White House Press Secretary Robert
Gibbs has joined Defense Secretary Robert Gates and Admiral Mike
Mullen, the chairman of the Joint Chiefs of Staff, in warning that
failure to legislatively repeal “Don't Ask, Don't Tell” during the
lame-duck session would leave courts to decide the issue.
“Do this legislatively, which
provides an avenue with which to implement the policy,” Gibbs told
reporters on Monday. “A court doing this is not likely to provide
the Pentagon and others with
a pathway for doing this.” (The video is embedded in the right
panel of this page.)
Gates repeated a similar warning on
Sunday: “If this law is going to change, it's better to be changed
by legislation rather than have it struck down by the courts.”

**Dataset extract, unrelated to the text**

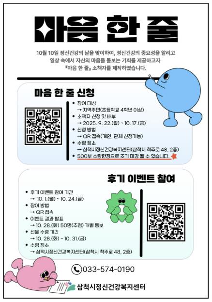 [뉴스앤톡] 삼척시정신건강복지센터는 10월 10일 ‘정신건강의 날’을 기념하고 정신건강 주간(10월 10일 전후 1주간)을 맞아 지역 주민의 정신건강 인식 향상과 마음 돌봄의 중요성을 알리기 위해 ‘마음 한 줄’ 캠페인을 진행한다.

Also on Sunday, Mullen echoed a similar
sentiment: “The courts are very active on this. And my concern is
that at some point in time the courts could change this law and in
that not give us the right amount of time to implement it.”
A federal appeals court in California
will consider a lower court's ruling that declared unconstitutional
the law that bans gay and bisexual troops from serving openly. The
court
also reinstated the policy after U.S.
District Judge Virginia Phillips ordered the government to stop
its enforcement.
The Senate's Democratic leadership has
pledged to vote on a defense bill that includes language that would
repeal the law after the Thanksgiving break. Hearings to consider a
Pentagon report on how to implement repeal have also been scheduled.
According to the Washington Post,
the report, which
is to be released a day earlier than previously announced, is
expected to show a majority of service members are okay with serving
and living alongside openly gay troops.
Repeal backers are optimistic that the
report will convince undecided senators to vote for repeal.